**Your goal:** Taking the line with "続きを読む 【2/18】2026年度NPO関連予算公開ヒアリングのご案内" as the first, copy every line through the end of the records below exactly. Do not include pictures.

**The records:**
────────────────────────────────────────
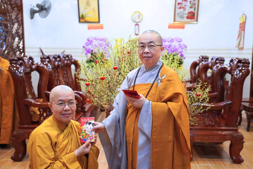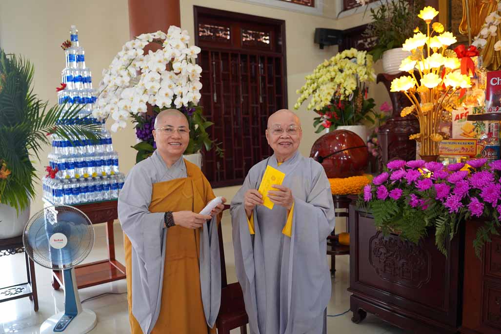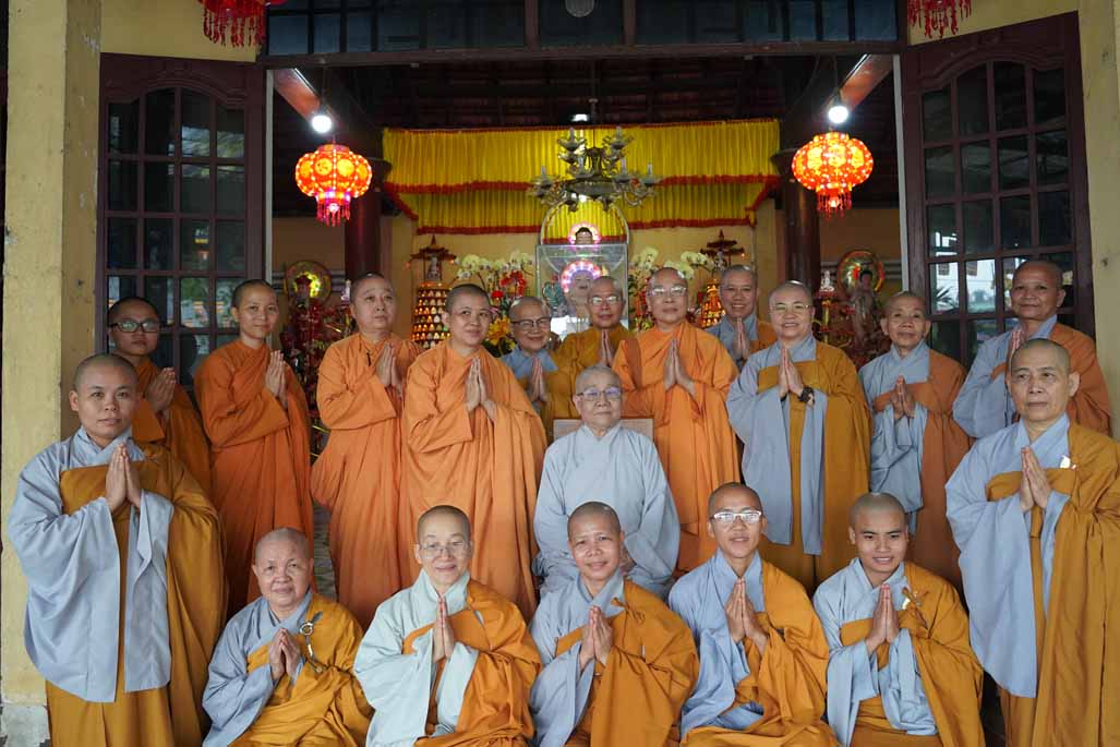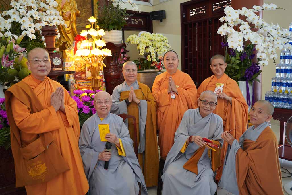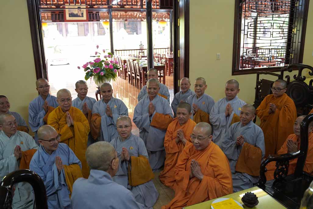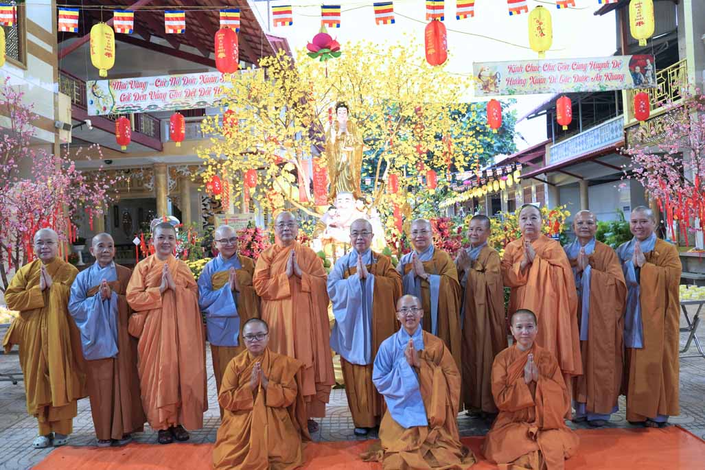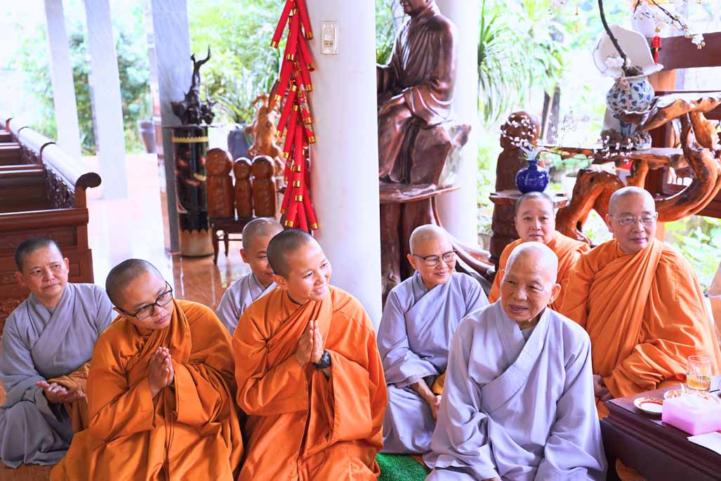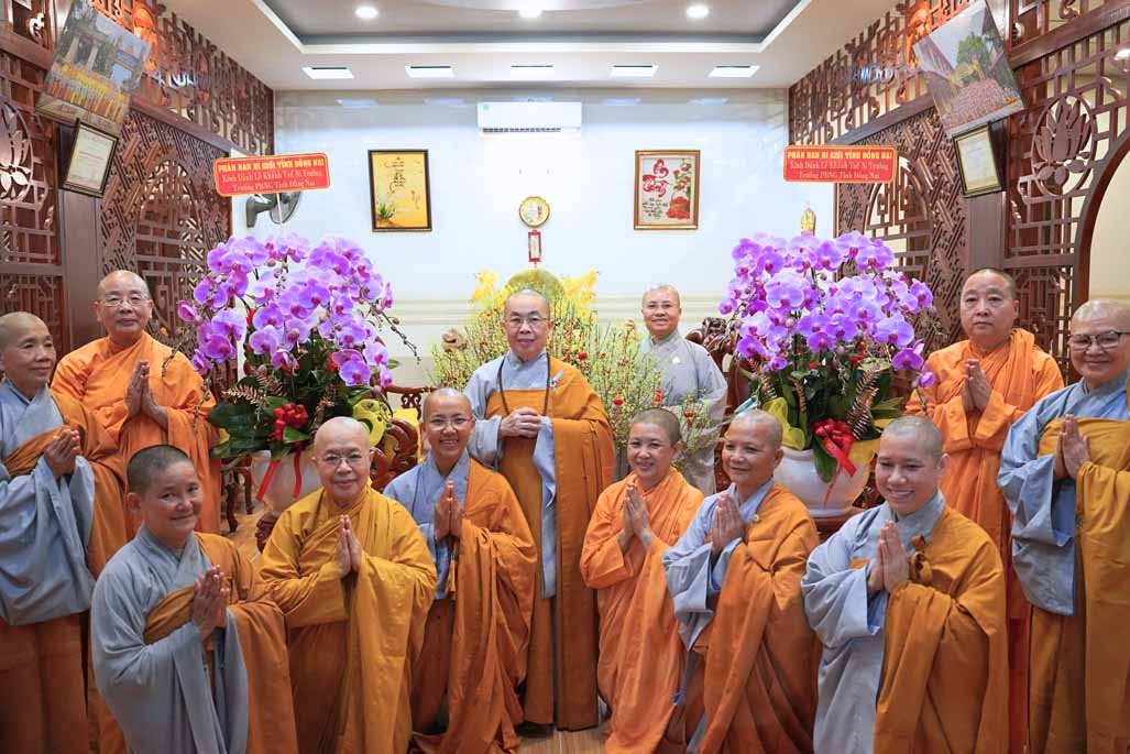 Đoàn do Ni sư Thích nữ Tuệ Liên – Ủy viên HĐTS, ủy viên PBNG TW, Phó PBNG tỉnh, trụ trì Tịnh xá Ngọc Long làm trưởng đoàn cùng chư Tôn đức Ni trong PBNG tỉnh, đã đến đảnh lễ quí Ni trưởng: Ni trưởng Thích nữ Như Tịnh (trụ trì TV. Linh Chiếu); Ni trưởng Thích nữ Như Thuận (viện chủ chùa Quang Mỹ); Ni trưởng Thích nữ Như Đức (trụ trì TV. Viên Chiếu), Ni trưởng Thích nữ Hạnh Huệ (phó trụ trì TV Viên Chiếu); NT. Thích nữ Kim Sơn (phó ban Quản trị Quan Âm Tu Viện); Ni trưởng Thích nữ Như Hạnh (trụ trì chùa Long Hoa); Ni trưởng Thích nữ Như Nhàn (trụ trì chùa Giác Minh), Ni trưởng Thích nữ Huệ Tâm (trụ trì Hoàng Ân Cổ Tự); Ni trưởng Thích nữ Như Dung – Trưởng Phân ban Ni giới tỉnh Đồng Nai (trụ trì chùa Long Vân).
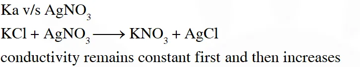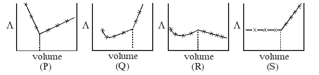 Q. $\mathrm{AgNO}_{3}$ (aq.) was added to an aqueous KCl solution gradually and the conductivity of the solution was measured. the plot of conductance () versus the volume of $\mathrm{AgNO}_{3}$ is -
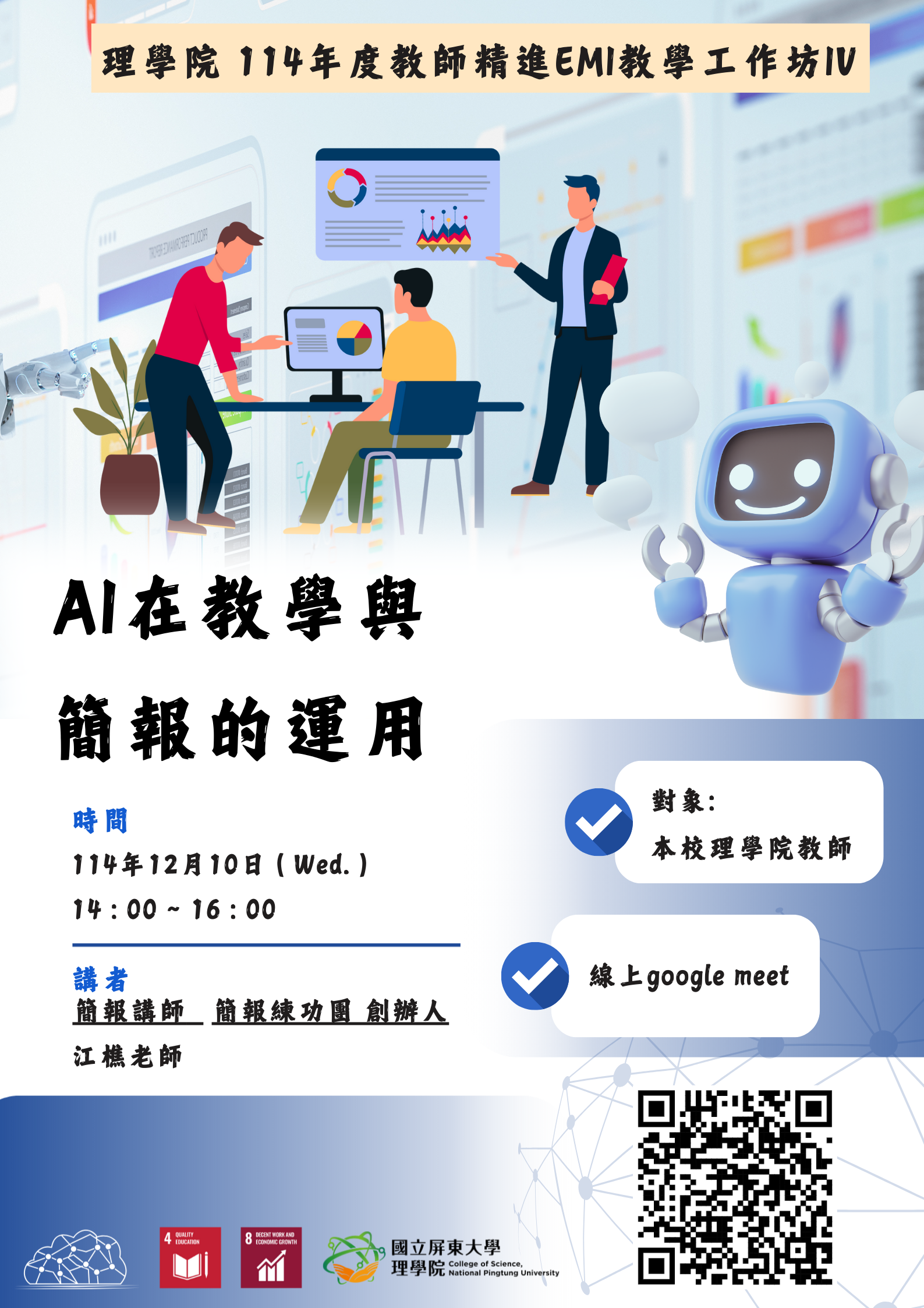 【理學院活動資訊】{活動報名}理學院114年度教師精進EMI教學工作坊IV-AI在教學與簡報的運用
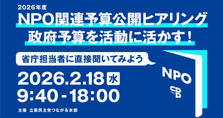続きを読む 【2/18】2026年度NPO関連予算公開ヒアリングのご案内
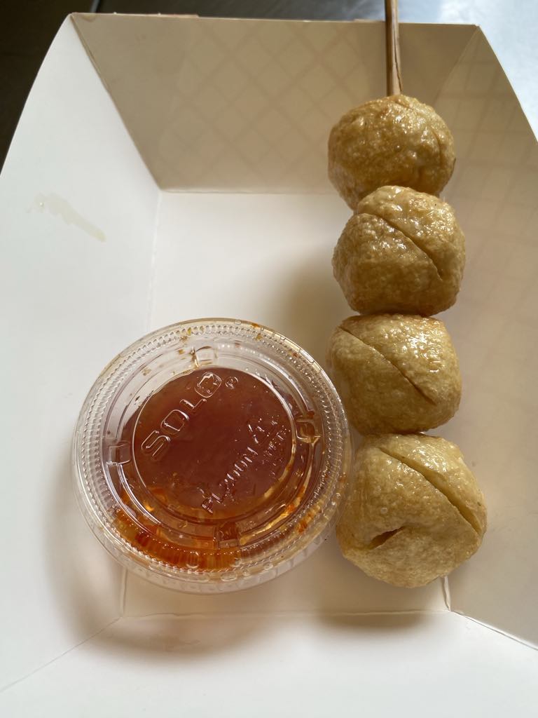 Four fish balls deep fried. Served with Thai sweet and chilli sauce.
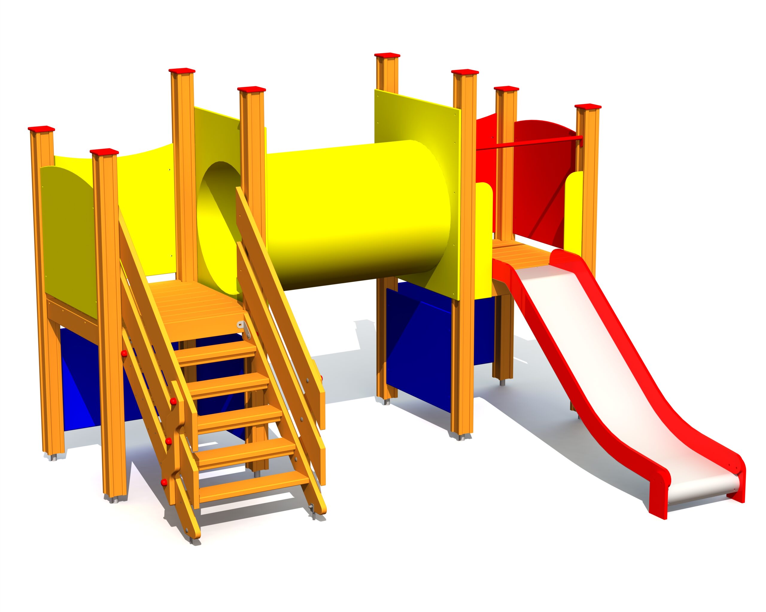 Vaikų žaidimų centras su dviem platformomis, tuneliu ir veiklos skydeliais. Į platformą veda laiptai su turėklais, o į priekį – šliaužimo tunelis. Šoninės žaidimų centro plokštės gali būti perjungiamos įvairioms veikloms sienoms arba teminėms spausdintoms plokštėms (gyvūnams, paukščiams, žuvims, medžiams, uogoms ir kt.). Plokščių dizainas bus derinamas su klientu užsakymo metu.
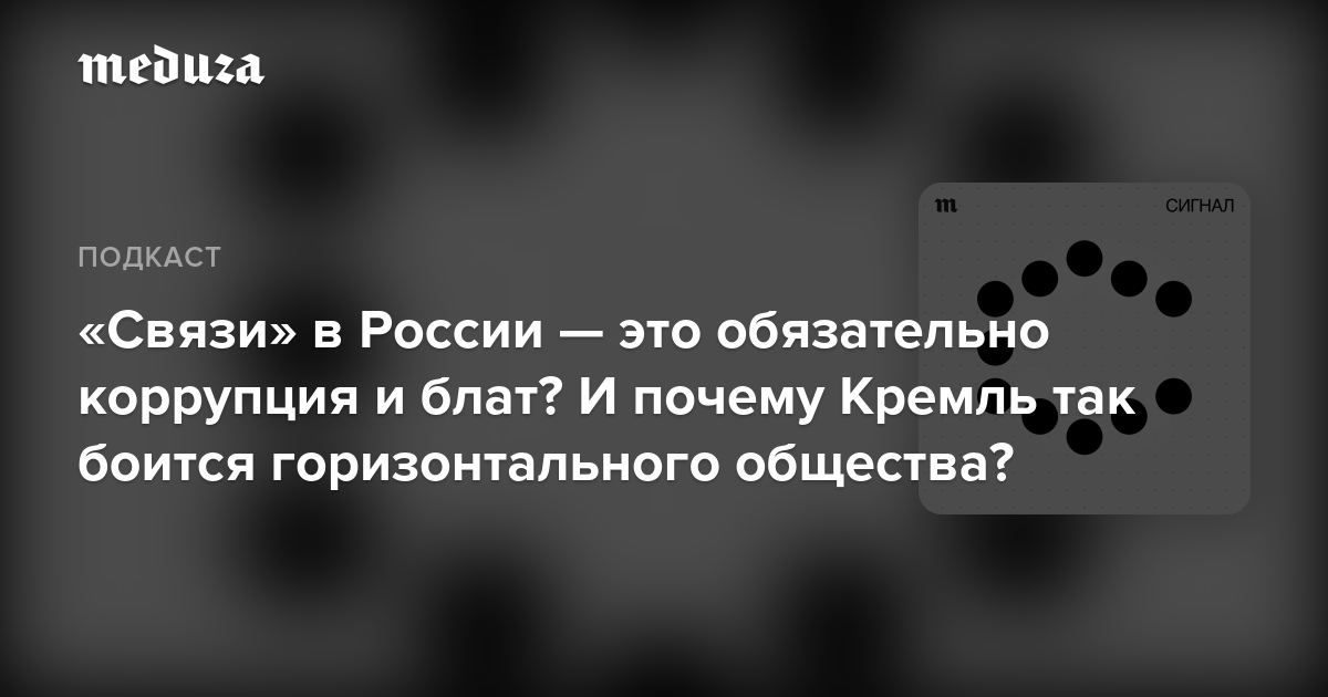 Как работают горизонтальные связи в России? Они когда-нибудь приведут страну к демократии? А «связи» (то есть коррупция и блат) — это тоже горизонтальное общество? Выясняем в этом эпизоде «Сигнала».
────────────────────────────────────────
**Written answer:**
続きを読む 【2/18】2026年度NPO関連予算公開ヒアリングのご案内
 Four fish balls deep fried. Served with Thai sweet and chilli sauce.
 Vaikų žaidimų centras su dviem platformomis, tuneliu ir veiklos skydeliais. Į platformą veda laiptai su turėklais, o į priekį – šliaužimo tunelis. Šoninės žaidimų centro plokštės gali būti perjungiamos įvairioms veikloms sienoms arba teminėms spausdintoms plokštėms (gyvūnams, paukščiams, žuvims, medžiams, uogoms ir kt.). Plokščių dizainas bus derinamas su klientu užsakymo metu.
 Как работают горизонтальные связи в России? Они когда-нибудь приведут страну к демократии? А «связи» (то есть коррупция и блат) — это тоже горизонтальное общество? Выясняем в этом эпизоде «Сигнала».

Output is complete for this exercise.